The separation of the experiment definition from the experimentation platform could combine the benefits of both approaches. It would allow organizations to select a cost-effective third-party experimentation platform to execute the experiment while developing independently of it the remaining infrastructure to support the organization’s experimentation process. This would, for example, allow developing an infrastructure to assure the quality of the experiments without having to depend on the feature set provided by the experimentation platform.

This research aims to propose an architecture for platform-independent online controlled experimentation by releasing the experiment definition from the experiment platform. As a consequence of the separation, the experiment definition becomes an independent artifact. Moreover, it allows developing experimentation infrastructure independently of the used experimentation platform.

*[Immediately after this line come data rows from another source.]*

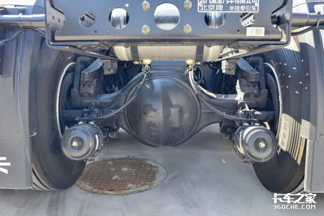 在底盘方面,这台北京重卡追梦版采用AM5前桥和高效445后桥,速比可选2.643和2.733。至于悬架方面,该车采用的是前2后3少片簧设计,如果有甩挂运输需求的卡友也可以选择8气囊后桥。
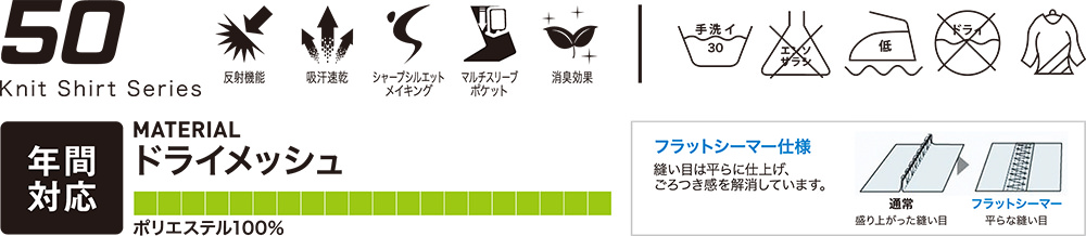 | 吸汗速乾、シャープシルエットメイキング、マルチスリーブポケット、消臭機能、反射機能 |
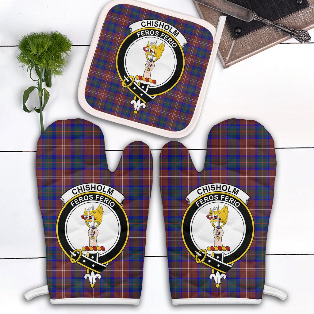 Chisholm Hunting Modern Tartan Crest Oven Mitt And Pot Holder (2 Oven Mitts + 1 Pot Holder)
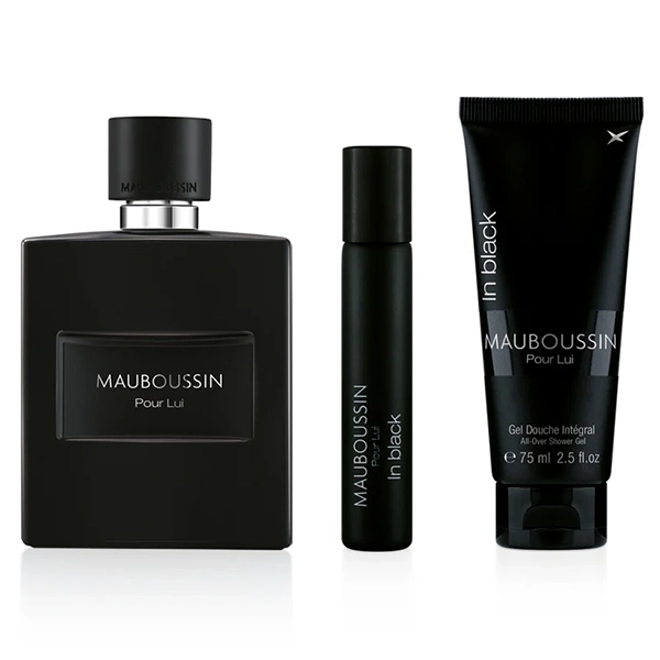 PERFUME MASCULINO MAUBOUSSIN POUR LUI IN BLACK EDP SET DE 4 PIEZAS

The remainder of this paper is structured as follows. Section 2 provides background information on online controlled experimentation. Section  3 describes the applied research method. Section 4 presents the findings. Then, Sect. 5 presents the architecture, and Sect. 6 the evaluation of it. Section 7 discusses the study. Finally, Sect. 8 concludes the paper.

2 Background

In this section, an overview of the research this paper is based on is given. The overview starts with the general concept of online controlled experimentation. Next, the research on the characteristics of online controlled experiment definitions is outlined, and finally, research on domain-specific language (DSL) to define online controlled experiments is discussed.

2.1 Online Controlled Experimentation

Online controlled experiments are a technique to evaluate software changes based on data [17]. The change could be a novel feature, a performance optimization, modified elements in the user interface, and many more. A version of the software with the change (treatment) is deployed in addition to the unchanged software (control). Thereafter, requests on the software (e.g. user interaction) are split between the two versions (segmentation). In addition to the regular processing of a request, both software versions collect relevant data about the processing and the request. After a predefined duration or number of requests, the collected data (telemetry) is used to calculate metrics. Finally, the telemetry is analyzed, and based on the success criteria that are defined before the execution of the experiment, the experiment is evaluated.

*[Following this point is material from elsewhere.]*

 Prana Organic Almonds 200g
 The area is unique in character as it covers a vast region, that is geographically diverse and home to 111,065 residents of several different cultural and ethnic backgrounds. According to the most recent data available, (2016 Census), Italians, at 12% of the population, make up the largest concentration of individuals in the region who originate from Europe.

In [2] the authors highlight the technique’s potential to improve software quality assurance for modern technologies like machine learning or the internet of things—areas that are challenging for traditional software testing with offline testing techniques.

The experiment lifecycle by Fabijan et al. [8] gives an overview of the activities related to an online controlled experiment (see Fig. 1). First, during the ideation phase, a hypothesis and its implementation are developed. Thereafter, the design of the experiment is specified. This includes amongst others, the user segmentation across the different software versions, and calculations about the size and duration of the experiment. Next, the experiment is executed. Besides the deployment, the instrumentation and monitoring of the deployed software are important. Thereafter, the collected data is analyzed and data-driven arguments for decisions are provided. The last activity is learning, in which the experiment metadata is captured and institutionalized.

Fig. 1.
figure 1

Experiment lifecycle by Fabijan et al. [8]. It describes the lifecycle of an experiment from its ideation by the generation of a minimal viable hypothesis (MVH) and the development of a minimal viable product (MVP) over the design, execution and analysis to the decision making and institutionalization of the learnings.

A more detailed view of experimentation and its process is given by models for continuous experimentation like the RIGHT model by Fagerholm et al. [13] or the HYPEX (Hypothesis Experiment Data-Driven Development) model by Holmström Olsson and Bosch [20]. There is also research about the required infrastructure [12] and guidelines about experimentation in general [17].

In summary, the process of online controlled experimentation received a lot of attention in research. Process models of continuous experimentation [8, 13], experimentation platforms [12] and guidelines [17] for experimentation are researched amongst others.

2.2 Characteristics of Online Controlled Experiments

Although the experimentation process and specifics of it are researched well [1, 21], there is little research explicitly on the experimentation definition and its characteristics. Nevertheless, the definition of experiments is fundamental for experimentation. A taxonomy of its characteristics allows experiment owners to choose the necessary characteristics of it for a concrete experiment. Without such an overview, experiment owners are at the risk to miss important characteristics or to define experiments incomplete. Therefore, the authors reviewed in [3] the literature on characteristics of experiment definitions. It revealed 17 properties that were grouped by common themes among the properties.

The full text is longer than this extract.